Provided information:
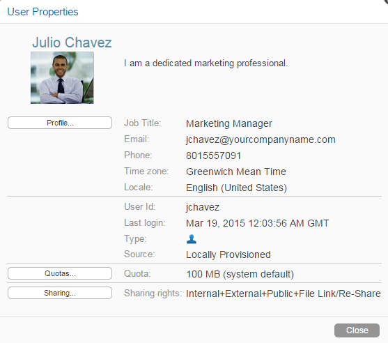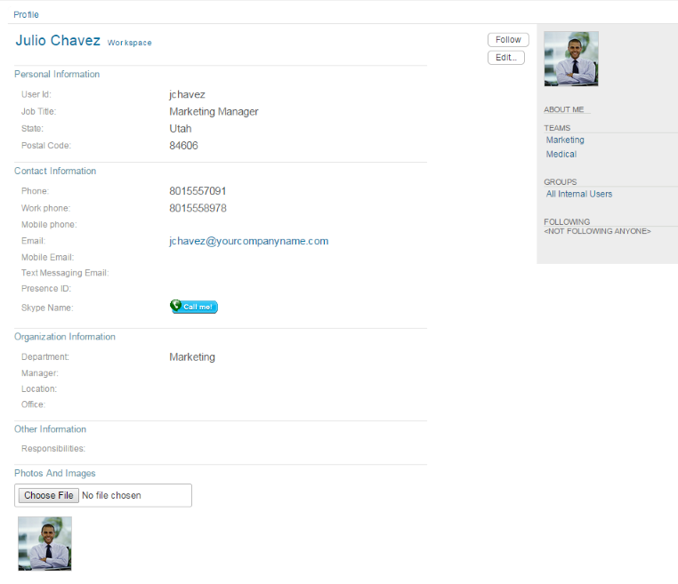 After you have designed the user profile form, as described inDesigning the User Profile Form, you can modify the user profile view. The user profile view is what a user sees when the user views a user profile in Vibe. For example:
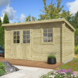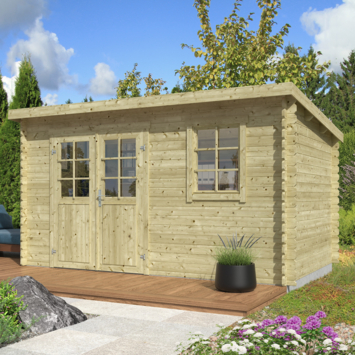 Tuinhuis Danna is een praktische en royale blokhut met een moderne uitstraling. Achter de afsluitbare dubbele deur met lage dorpel is bergruimte voor waardevolle spullen en/of tuingereedschap.
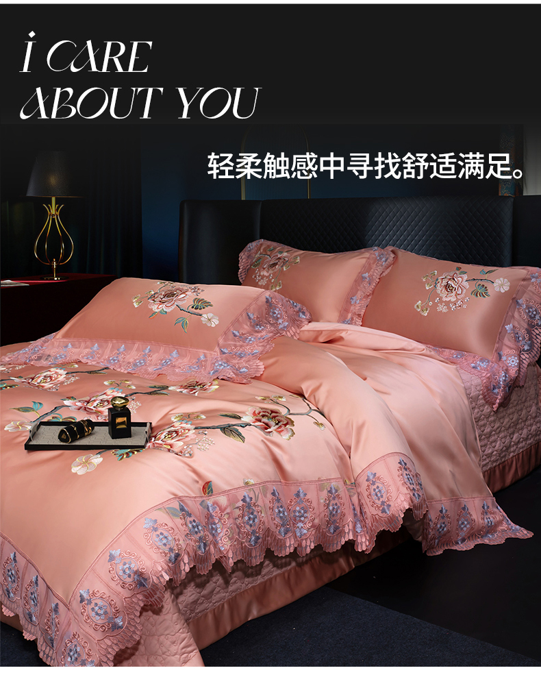 OL家纺 2026新款高精密苏绣蕾丝四件套 金玉满堂-玉色
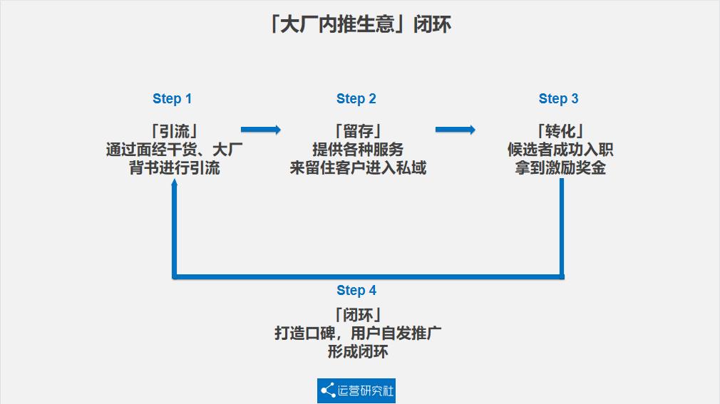 总结一下,成熟的“大厂内推产业链”完全可以用运营的思路去做, 主要包括以下环节:
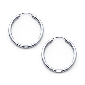 Sleek and simple, these small hoop earrings shine in 14K white gold. They secure with endless closures which reduce snagging and maintain a classy round design. Dimensions: Diameter = 15mm or 3/5 inch. Thickness = 2mm. Jewelry box included with purchase. |
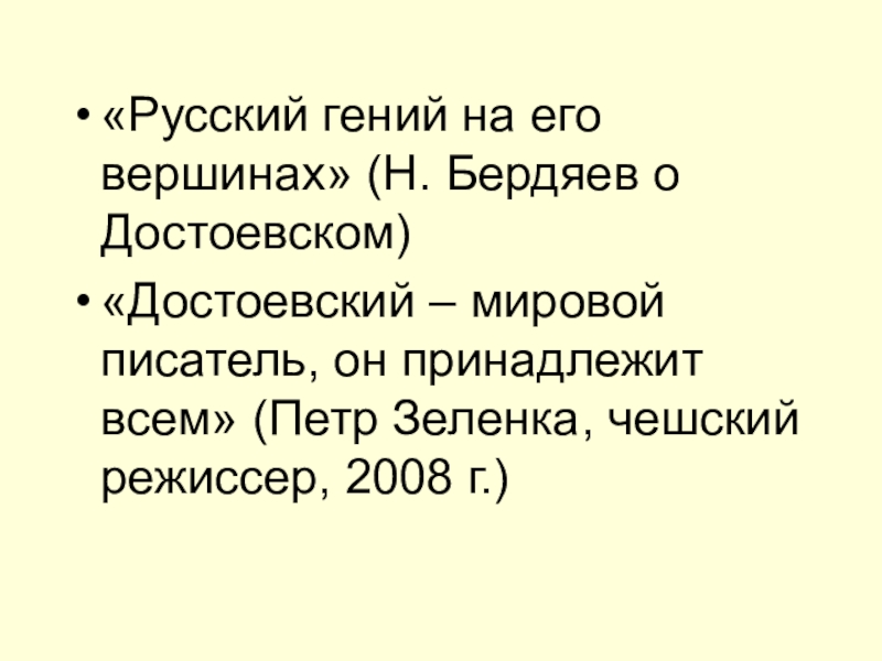 «Русский гений на его вершинах» (Н. Бердяев о Достоевском)«Достоевский – мировой писатель, он принадлежит всем» (Петр Зеленка,

Your task: Give the data again exactly. Keep the images out.

Worked solution:
 After you have designed the user profile form, as described inDesigning the User Profile Form, you can modify the user profile view. The user profile view is what a user sees when the user views a user profile in Vibe. For example:
 Tuinhuis Danna is een praktische en royale blokhut met een moderne uitstraling. Achter de afsluitbare dubbele deur met lage dorpel is bergruimte voor waardevolle spullen en/of tuingereedschap.
 OL家纺 2026新款高精密苏绣蕾丝四件套 金玉满堂-玉色
 总结一下,成熟的“大厂内推产业链”完全可以用运营的思路去做, 主要包括以下环节:
 Sleek and simple, these small hoop earrings shine in 14K white gold. They secure with endless closures which reduce snagging and maintain a classy round design. Dimensions: Diameter = 15mm or 3/5 inch. Thickness = 2mm. Jewelry box included with purchase. |
 «Русский гений на его вершинах» (Н. Бердяев о Достоевском)«Достоевский – мировой писатель, он принадлежит всем» (Петр Зеленка,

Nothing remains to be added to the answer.